> WHAT YOU ARE ASKED TO DO: Quote the whole listing exactly. Leave the pictures out of your copy.

> INFORMATION PROVIDED:
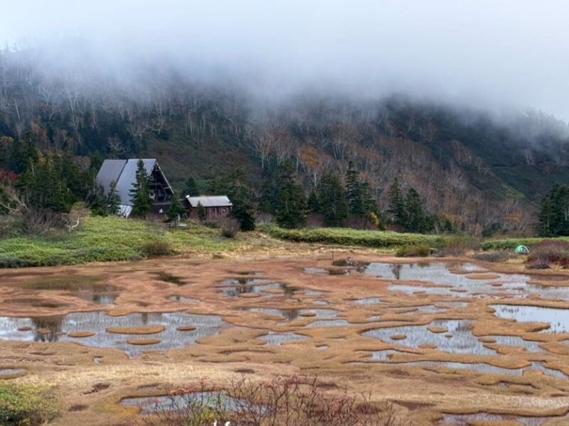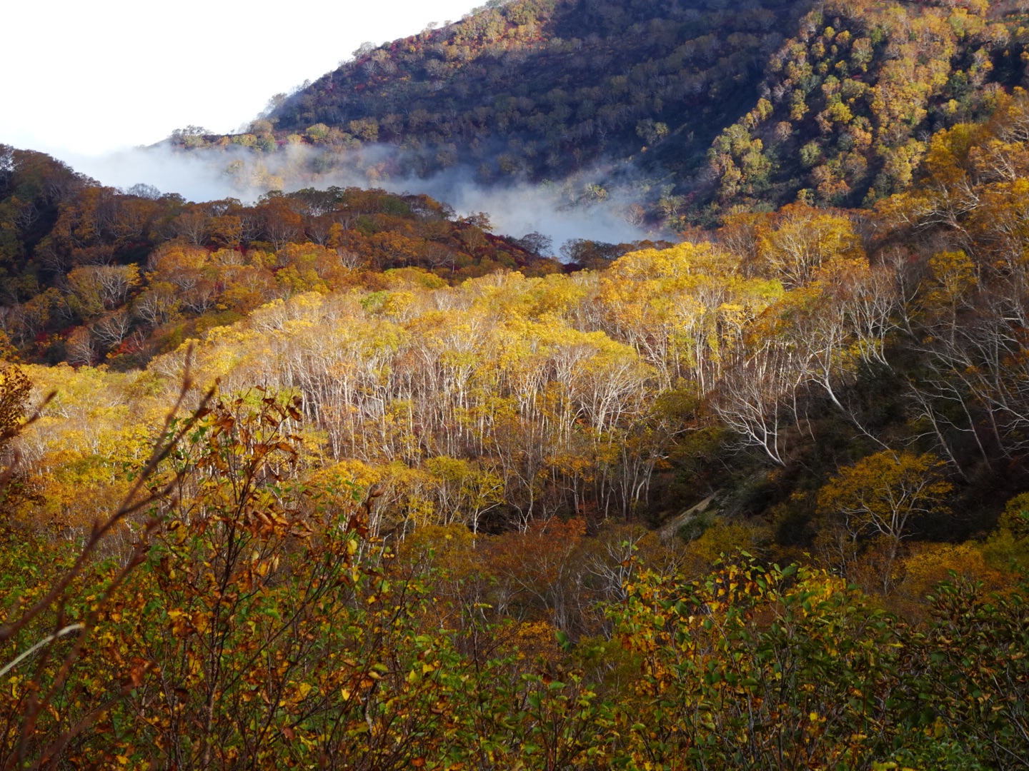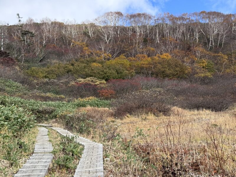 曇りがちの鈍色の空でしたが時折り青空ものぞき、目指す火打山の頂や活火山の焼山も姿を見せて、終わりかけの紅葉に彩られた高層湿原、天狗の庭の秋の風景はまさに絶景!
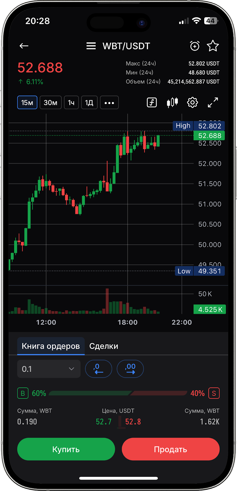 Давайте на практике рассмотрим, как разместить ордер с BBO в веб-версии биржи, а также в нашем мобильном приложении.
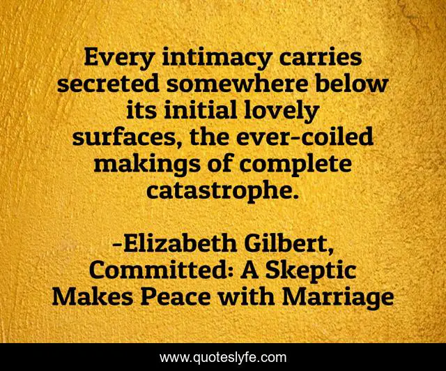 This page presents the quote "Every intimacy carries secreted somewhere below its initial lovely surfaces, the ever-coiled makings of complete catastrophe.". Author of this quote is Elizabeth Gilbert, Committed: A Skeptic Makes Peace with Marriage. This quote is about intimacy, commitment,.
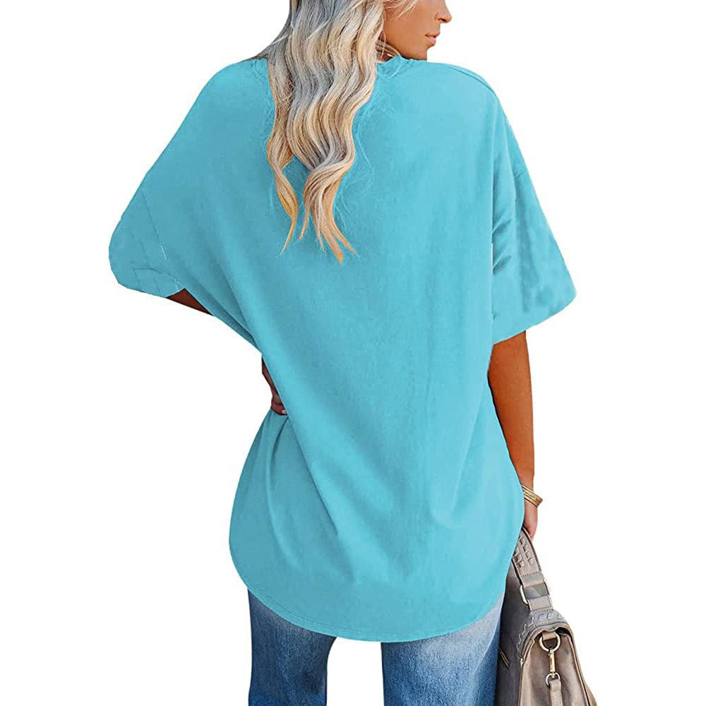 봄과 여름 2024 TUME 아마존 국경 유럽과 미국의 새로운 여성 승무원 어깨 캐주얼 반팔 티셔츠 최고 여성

> REPLY TO THE TASK:
 曇りがちの鈍色の空でしたが時折り青空ものぞき、目指す火打山の頂や活火山の焼山も姿を見せて、終わりかけの紅葉に彩られた高層湿原、天狗の庭の秋の風景はまさに絶景!
 Давайте на практике рассмотрим, как разместить ордер с BBO в веб-версии биржи, а также в нашем мобильном приложении.
 This page presents the quote "Every intimacy carries secreted somewhere below its initial lovely surfaces, the ever-coiled makings of complete catastrophe.". Author of this quote is Elizabeth Gilbert, Committed: A Skeptic Makes Peace with Marriage. This quote is about intimacy, commitment,.
 봄과 여름 2024 TUME 아마존 국경 유럽과 미국의 새로운 여성 승무원 어깨 캐주얼 반팔 티셔츠 최고 여성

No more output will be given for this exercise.